Spatial Logic ATutorial Introduction
Stc
ComputingScienceColloquium
Date: June 26
Time: 11am
Room: C008 AARD
Speaker: Dave Clarke
Title: Spatial Logic: A Tutorial Introduction
Slides available http://www.cs.uu.nl/~dave/talks/spatiallogic.pdf
Abstract
Not only hot but also cool is the emergent field of
spatial logic. Stemming from bizarre notions such
as substructural logic (e.g., linear logic), spatial
logics enable the description of things (pointer
programs, graphs, XML documents) in separate components
that may contain unbound names. These components
can then be joined together using the connectives
of the logic, potentially providing bindings for the
unbound names.
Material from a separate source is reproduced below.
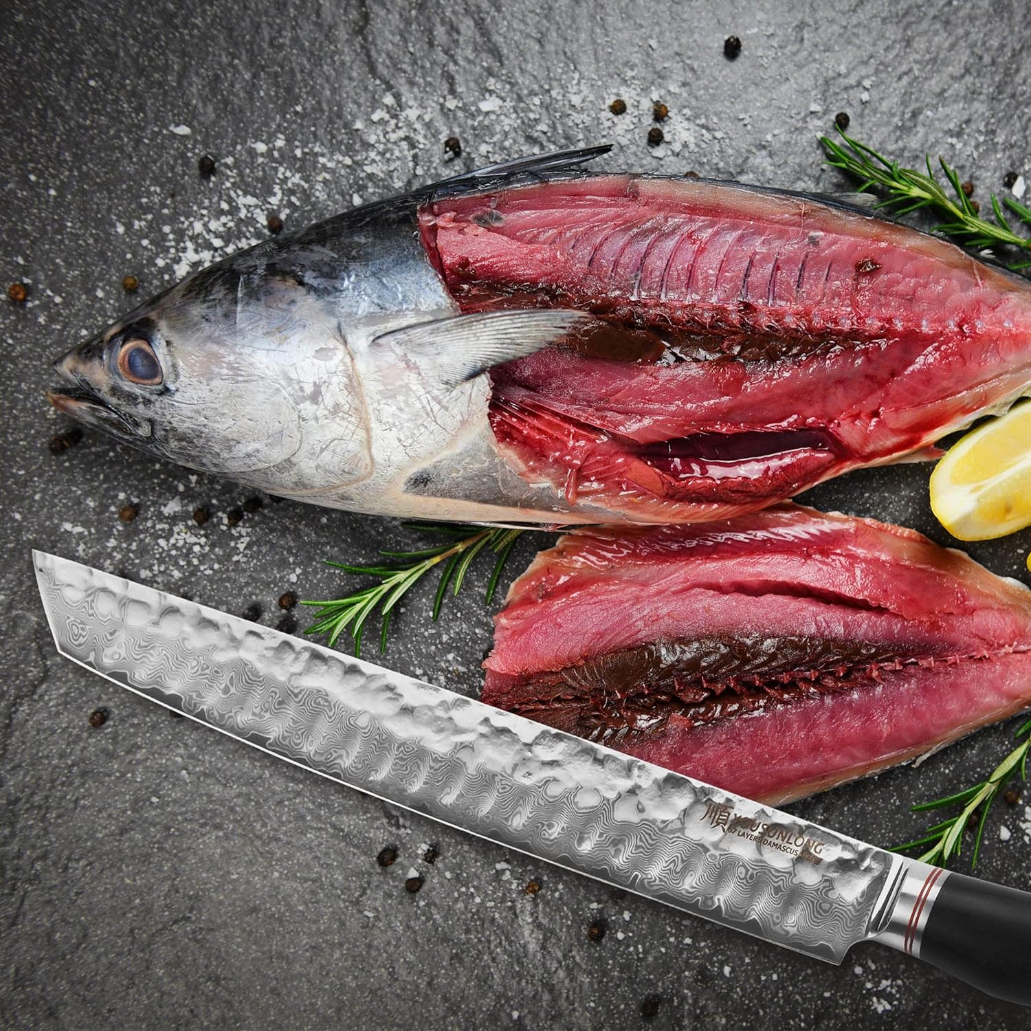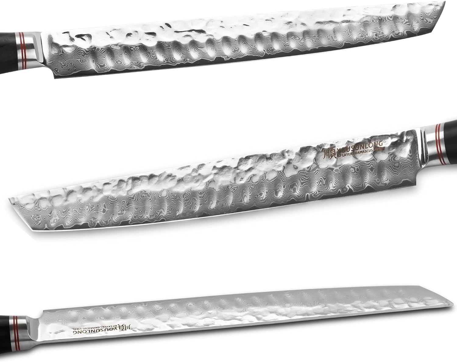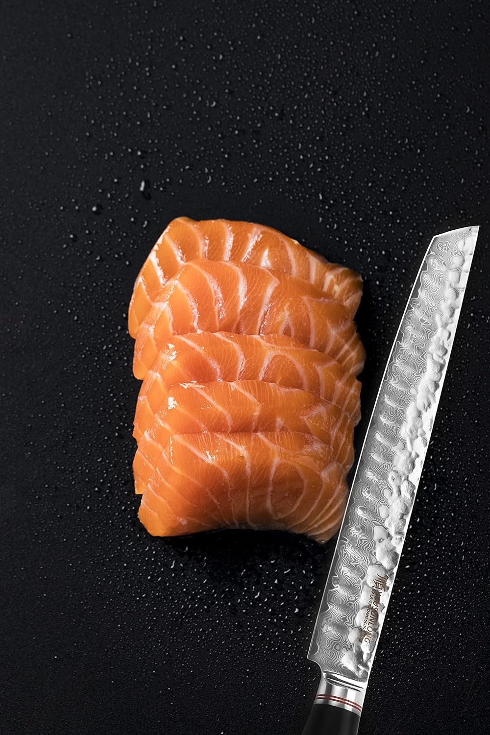 - 【Hohe Qualität und Schärfe】Ein hochwertiges Koch-Spezial-Schneidemesser aus japanischem 67-lagigem geschmiedetem High-Carbon-Stahlkern Damaststahl, HRC (Härte) 58-60, es hat eine hohe Härte und Verschleissfestigkeit. Die scharfen Klingen auf
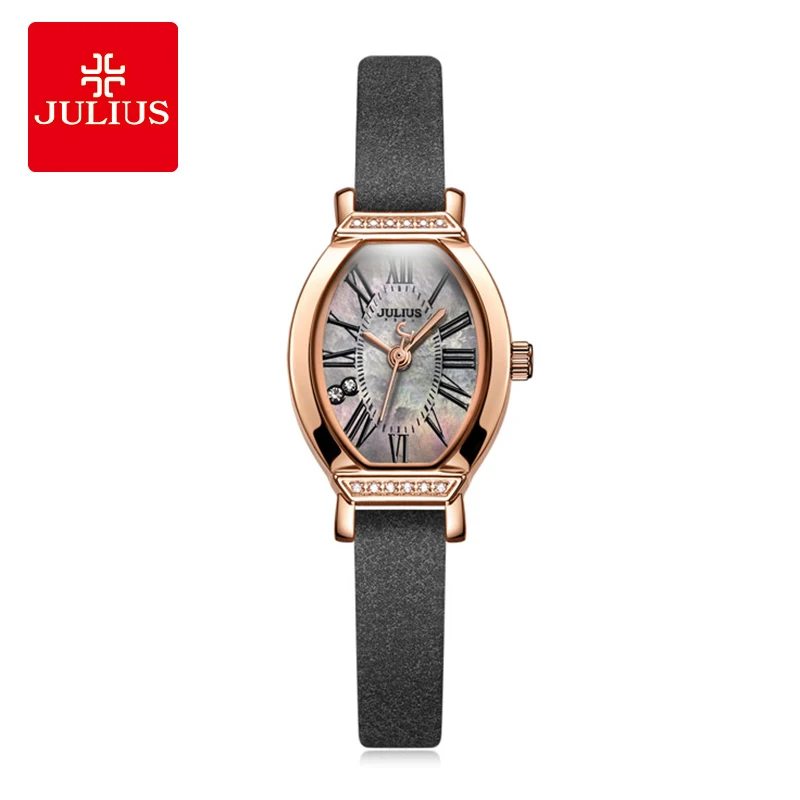 Beste Kopen Julius Retro Dame Vrouwen Horloge Luxe Strass Quartz Dames horloges Mode Lederen Armband Horloge Klok Relogio Feminino Goedkoop

Spatial logics enable, for example, the
reasoning about parts of a program containing dangling
pointers, which can then be joined using the connectives
of the logic giving the pointers something to point to
(Cool, hey?). It is expected that this will enable more
modular and local reasoning.
This talk will cover two spatial logics. Firstly, it
will cover O'Hearn, Reynolds and Pym's Logic of Bunched
Implications and its application to reasoning about
low-level pointer programs. Secondly, the talk will
review Cardelli, Gordon, Gardner and Ghelli's Spatial
Logics and their application to semi-structured data
(XML) processing.
If time permits, the talk will also give an overview of
other applications of spatial logic, including some
speculative ideas regarding object-oriented programming.